Airflow Integration Discovered Resources

Ingested Resources & Properties

Airflow Instance (airflow_instance)

The top-level resource representing a single Airflow deployment. All DAGs and datasets discovered from one webserver are children of this instance.

Property
Description

name

Hostname extracted from the Airflow webserver URL

type

Always airflow_instance

native_id

Same as name; the hostname used as the stable identifier

subtype

Always airflow_instance

airflow_base_url

Canonical Airflow webserver URL

airflow_api_version

Detected REST API version (v1 for Airflow 2, v2 for Airflow 3)

airflow_version

Airflow version string reported by the health endpoint

airflow_connections

List of Airflow connections collected for lineage resolution (only present when Resolve warehouse lineage is enabled)

is_active

true when all Airflow health components report a healthy status

external_links

Link to the Airflow UI

DAG (airflow_dag)

An Airflow DAG observed from the Airflow REST API.

Property
Description

name

DAG display name, or the DAG ID when no display name is set

type

Always airflow_dag

native_id

DAG ID

subtype

Always airflow_dag

parent_container

Parent airflow_instance URI

is_active

true when the Airflow scheduler still sees the DAG file; independent of is_paused. For Airflow 3, this is derived from is_stale

description

DAG description (when available)

source_path

Relative or absolute path to the DAG file

tags

List of DAG tags

native_owners

List of DAG owners; each entry contains name, display_name, and email

external_links

Link to the DAG in the Airflow UI

airflow_last_run_pass

true if the most recent DAG run succeeded, false if it failed, null if unknown

airflow_last_run_id

Run ID of the most recent DAG run

airflow_last_run_duration

Duration of the most recent DAG run in seconds

airflow_last_run_failing_tasks

List of task IDs that failed in the most recent run

airflow_last_successful_run

Timestamp of the most recent successful run

airflow_failure_streak

Number of consecutive failed runs (resets to 0 on success)

airflow_total_runs_14d

Total DAG runs in the last 14 days

airflow_total_runs_30d

Total DAG runs in the last 30 days

airflow_total_runs_60d

Total DAG runs in the last 60 days

airflow_success_rate_14d

Fraction of successful runs (0–1) over the last 14 days

airflow_success_rate_30d

Fraction of successful runs (0–1) over the last 30 days

airflow_success_rate_60d

Fraction of successful runs (0–1) over the last 60 days

airflow_avg_duration_14d

Average DAG run duration in seconds over the last 14 days

airflow_avg_duration_30d

Average DAG run duration in seconds over the last 30 days

airflow_avg_duration_60d

Average DAG run duration in seconds over the last 60 days

Execution metrics (airflow_last_run_*, airflow_total_runs_*, airflow_success_rate_*, airflow_avg_duration_*, airflow_failure_streak) are derived from stored DAG run events and require Observe execution history to be enabled.

Task (airflow_task)

An individual task within an Airflow DAG.

Property
Description

name

Task display name, or the task ID when no display name is set

type

Always airflow_task

native_id

Task ID

subtype

Operator class name (e.g. BashOperator, PythonOperator, SnowflakeOperator)

parent_container

Parent airflow_dag URI

parent_container_name

Display name of the parent DAG

airflow_task_avg_duration_14d

Average task instance duration in seconds over the last 14 days

airflow_task_avg_duration_30d

Average task instance duration in seconds over the last 30 days

airflow_task_retry_rate_14d

Fraction of task instances that required at least one retry over the last 14 days

airflow_task_retry_rate_30d

Fraction of task instances that required at least one retry over the last 30 days

Task execution metrics (airflow_task_avg_duration_*, airflow_task_retry_rate_*) are derived from stored task instance events and require Observe execution history to be enabled.

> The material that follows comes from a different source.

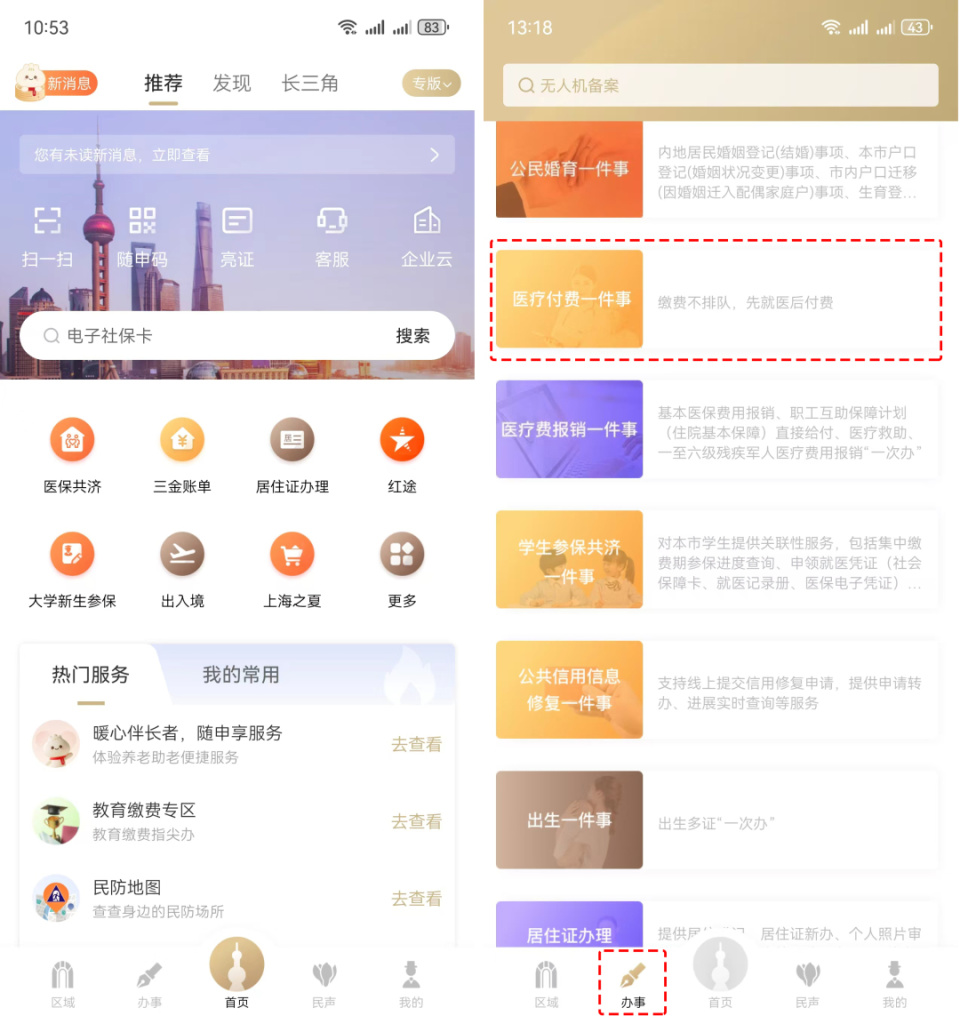 實(shí)名登錄“隨申辦市民云”APP→點(diǎn)擊“辦事”頻道→點(diǎn)擊“醫(yī)療付費(fèi)一件事”進(jìn)入服務(wù)頁;

Dataset / Asset (airflow_dataset)

An Airflow dataset (Airflow 2) or asset (Airflow 3) observed from the Airflow REST API. Dataset and asset payloads are kept as raw source evidence for lineage resolution.

Property
Description

name

Dataset name, or the URI string when no explicit name is set

type

Always airflow_dataset

native_id

Dataset URI (Airflow 2) or asset URI (Airflow 3)

subtype

dataset for Airflow 2 resources, asset for Airflow 3 resources, or the dataset group name when one is assigned

parent_container

Parent airflow_instance URI

airflow_dataset resources are only discovered when Observe datasets is enabled.

Database (database) β€” non-authoritative

A warehouse database inferred from an Airflow dataset/asset URI or from a supported SQL/operator input or output target. These observations are non-authoritative and are enriched or overridden by the primary warehouse integration when one is configured.

Property
Description

name

Database name extracted from the dataset URI

database_technology

Warehouse technology (e.g. snowflake, bigquery)

platform_uri_prefix

Warehouse platform prefix (e.g. snowflake://, bigquery://)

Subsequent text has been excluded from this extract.